They must be a little over the skids. If they are not, you will leave a hard edge. In other words, when you run your fingernail up the skid, it should snag on the blade. If you can't file it, then its a carbide blade, like the other brands, that is why the blades are so exspensive. Again, I'd like to recommend trying pro-form black lid to see if the mud is the culprit or if the tool is the culprit. I haven't ever had a problem with the blade roughing up a flat, so I can't speak from experiance here. You mentioned that you tried to file the blade??? Don't do it man, other than taking the burr off the 90 degree junction to avoid tape snags on wet tape, DON"T mess with the blades !!!!!!!!!!!!! Skids are a differant thing, they just keep the mud inside the tool, they don't define a good corner.

Ya know, its hard to understand or suggest over the net, like a picture is worth a thousand words. I have never heard of a anglehead roughing up the paper of the rock, so I guess i don't understand what your trying to say here. Maybe your pushing too hard, with a mudrunner, you should not have to push hard enough to mess with the paper of the rock, unless your mud is too thick and your trying to HELP it out of the mudrunner.

Anyway, good luck, stay after it, keep an open mind and you WILL get it figured out,,, it ain't rocket surgery


----------



## cazna (Mar 28, 2010)

*Blades*

See in this pic, i put a light behind the head, you can clearly see the end the end of the blade is a high spot, hence the scratching of the flats. they have a great little bend in the top blade, they do a great job im not complaining.
See if you can take a pic and post it like this of your northstar kiwiman so we can compare, i have a light on my shoe phone i used and its on a table and i took it on the edge of it.

And im pointing to the small area i lightly tryed to file, it did nothing, im not stupied enough to file the whole thing.

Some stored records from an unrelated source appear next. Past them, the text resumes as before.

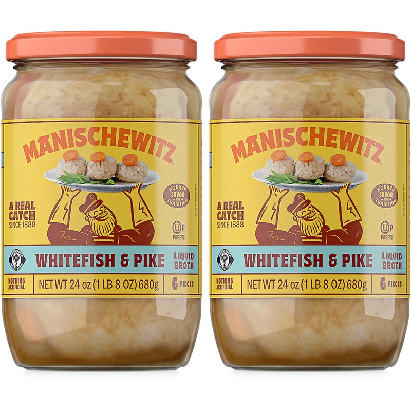 Manischewitz Whitefish & Pike Gefilte Fish in Liquid Broth 24oz (2 Pack), All Natural, Packed with Protein, No Added MSG, Kosher for Passover
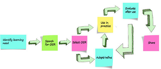 The OER cycle (which was originally designed for the TESS-India course Enhancing teacher education through OER) is also available as a downloadable resource.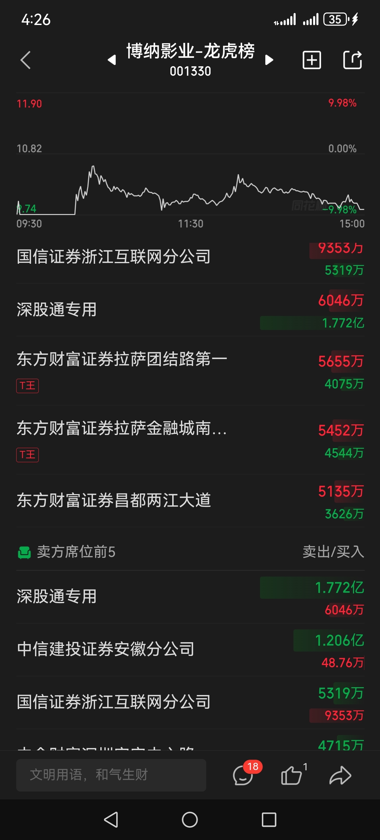 $博纳影业(SZ001330)$ 今天全是拉萨买的???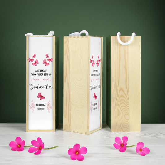 Personalised Wooden Wine Bottle Gift Box - Thank You Godmother Design

I did remove the top spring to release some tension, this worked well.


----------



## Muddauber (Jan 26, 2008)

WOW ! That blade should not have a crown like that. It should be straight .

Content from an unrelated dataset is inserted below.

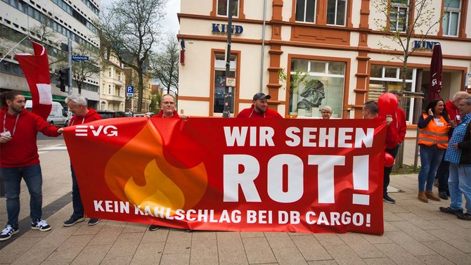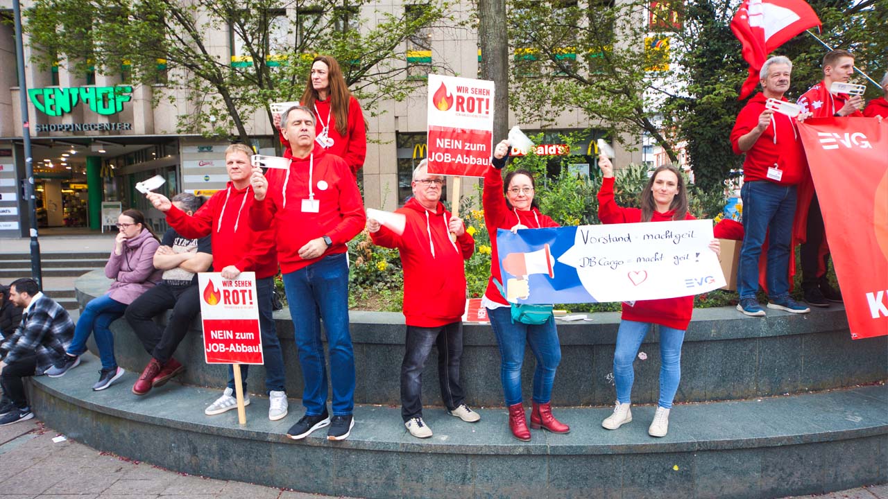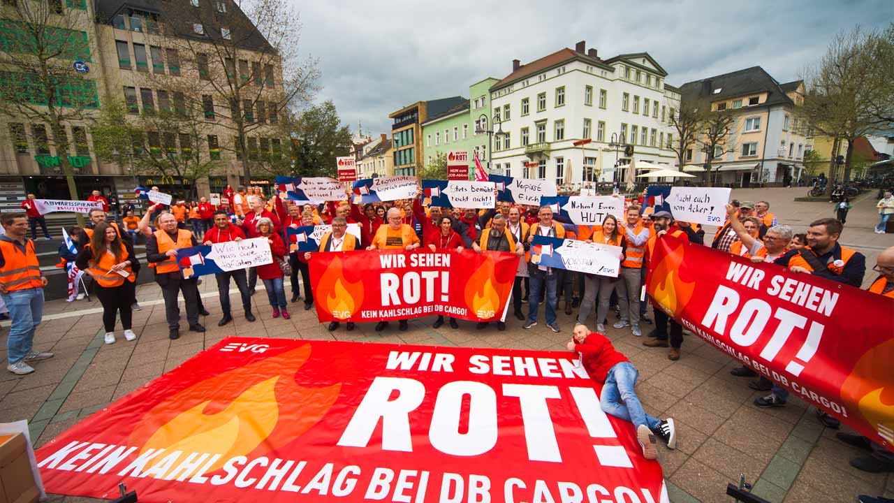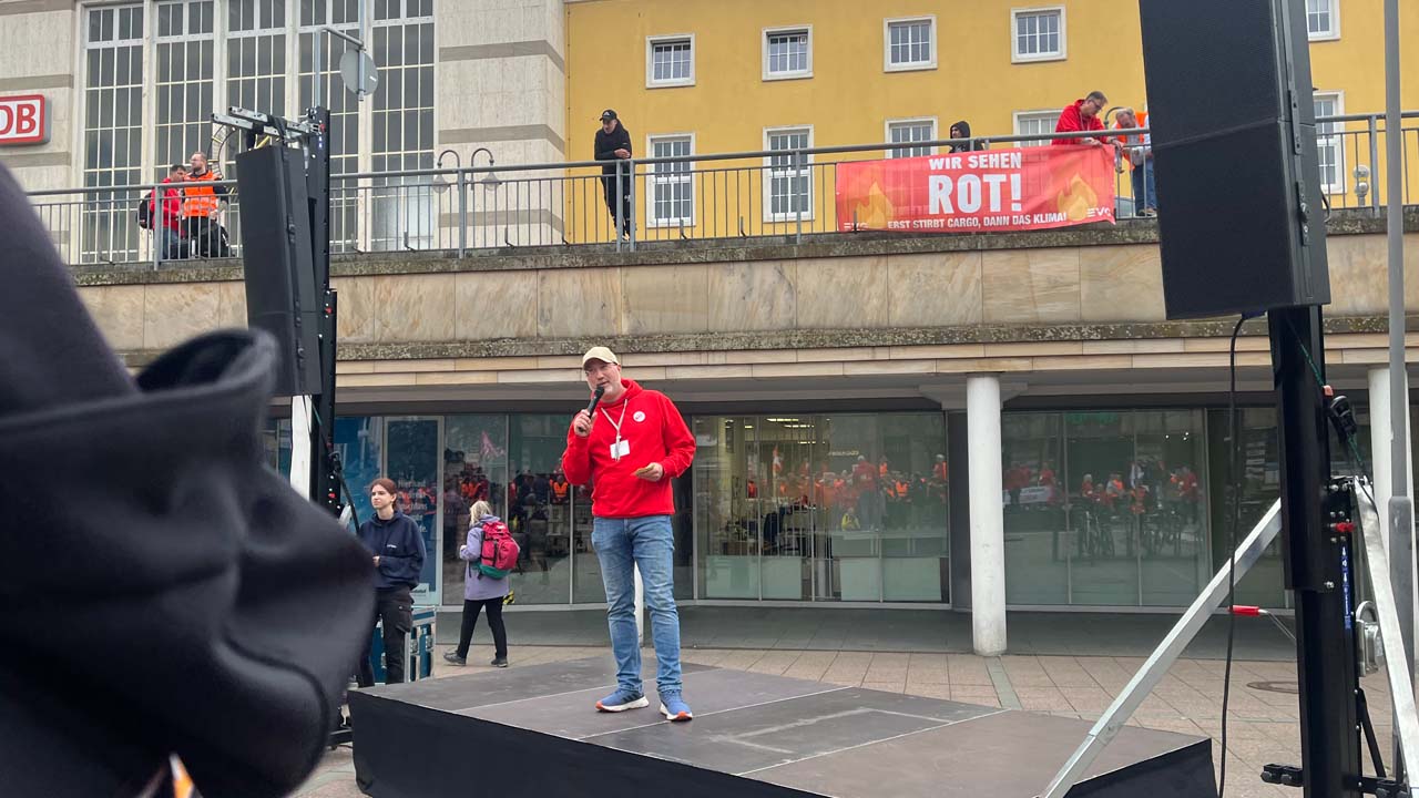 Seit Jahren schreibt DB Cargo rot Zahlen. Eine umstrittene Umstrukturierung soll jetzt die Wende hin zu profitablen Angeboten bringen. Doch die Betriebsräte sehen darin keine Perspektive, sondern eher die Zukunft des gesamten Unternehmens gefährdet. Die Sorge vor einer ungewissen Zukunft teilen dabei nicht nur die Beschäftigten bei DB Cargo selbst, sie ist im ganzen Unternehmen spürbar. Aus diesem Grund nahmen auch zahlreiche Betriebsräte von DB Regio an der Protestkundgebung in Fulda teil. Beide Mitbestimmungsgremien - der Gesamtbetriebsrat von DB Cargo, wie auch der Gesamtbetriebsrat von DB Regio - kamen am Dienstag zu einer turnusmäßigen Sitzung in Fulda zusammen. Mit dem gemeinsamen Protest machten sie deutlich, dass EVG-Betriebsräte solidarisch zusammenstehen und gemeinsam für die Interessen der Beschäftigten eintreten.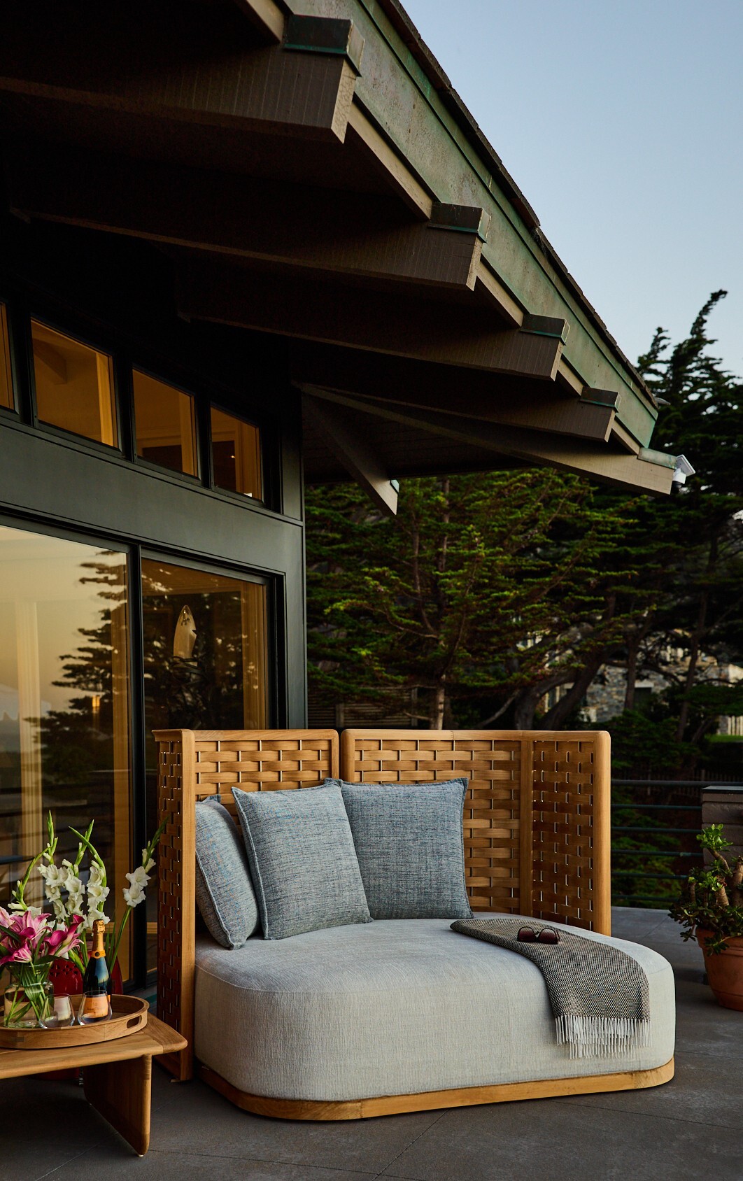 The daybed showcases the Arc Collection’s signature craftsmanship, with laminated teak intricately woven between brushed stainless‑steel rods - a direct reference to traditional yacht detailing and the ropework found aboard classic sailing vessels. Crafted from premium teak and finished with meticulous precision, the Arc Daybed offers generous space for lounging and is available in Summit’s full range of performance fabrics.

Try loosening the set screws, then back the set screw behind the blade out a turn or 2, and see if you can push the outside corner of the blade down flat , then tighten the screws back down. You may have to adjust the skid also.

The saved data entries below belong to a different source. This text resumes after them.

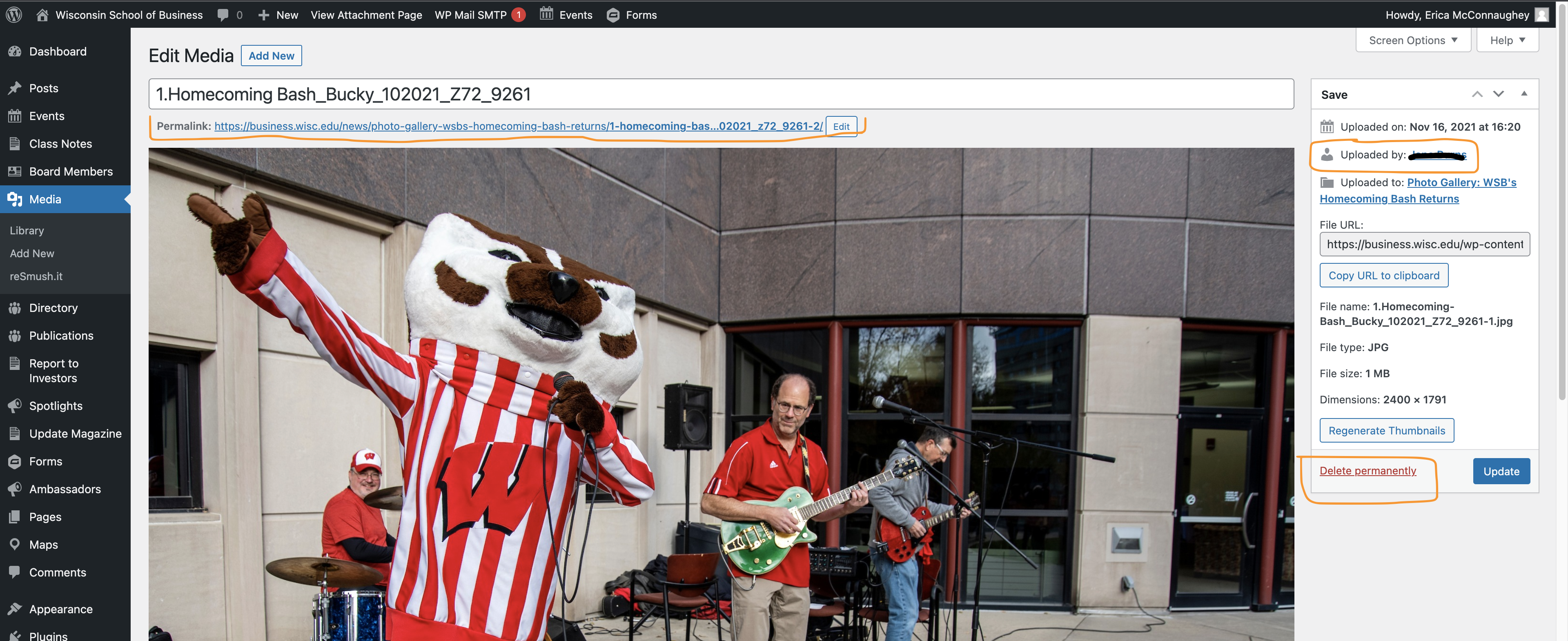 If you no longer need to use an image on the website (or if a duplicate image was uploaded), you should delete it from the media library. It is best to delete the image immediately, so that it doesn't get used by someone else editing our website, events, or blogs. Be careful here, if an image is in use and it gets deleted from the media library, the page will display a broken image.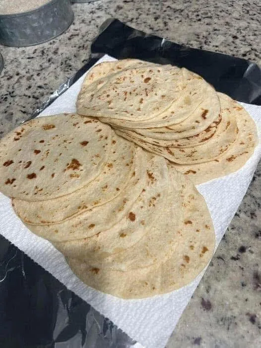 Cook each tortilla 30–45 seconds per side, until lightly golden spots form.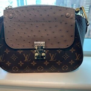 Unique LV Monogram Majestueux Collection Shoulder Bag, featuring Lizard, grosgrain, python and ostrich leather besides the stereotypical monogram canvas. The shoulder strap is crafted from natural lizard leather, the interior strap and flaps in ostrich leather while the lining is made of goat leather. The bag features two outer pockets with brass metallic S-lock closure. Excellent condition.

The way that tool is set up, you can probably feel a hump in the angle when dry.:no:

That head looks like it has only 1 spring. A 3" or 3.5" should have 2 springs.:thumbsup:


----------



## Muddauber (Jan 26, 2008)

Aren't Goldblat tools made by Columbia?

Does anyone know?


----------



## Capt-sheetrock (Dec 11, 2009)

Muddauber said:


> Aren't Goldblat tools made by Columbia?
> 
> Does anyone know?


Oh GAWD, i hope not,,,if they are ,,, shame on them


----------



## McDusty (Oct 12, 2009)

no they aren't.

they were owned by Stanley for awhile, now they are back as their own brand i believe. Made in Kansas or China depending on the item.


----------



## Kiwiman (Jun 14, 2008)

Crikey Caz, somethings wrong with your blade...take the blade out and see what the other side looks like, they should be reversable. On the northstars there are grub screws to adjust blade height as well as grub screws in the sides to hold the blade, you havent got one of the height adjusters screwed up have you?


----------



## cazna (Mar 28, 2010)

Muddauber said:


> WOW ! That blade should not have a crown like that. It should be straight .
> 
> Try loosening the set screws, then back the set screw behind the blade out a turn or 2, and see if you can push the outside corner of the blade down flat , then tighten the screws back down. You may have to adjust the skid also.
> 
> ...


 
Well both the blades are like that, and DM themselves have seen these pics and say thats how they set there blades, with a crown in them??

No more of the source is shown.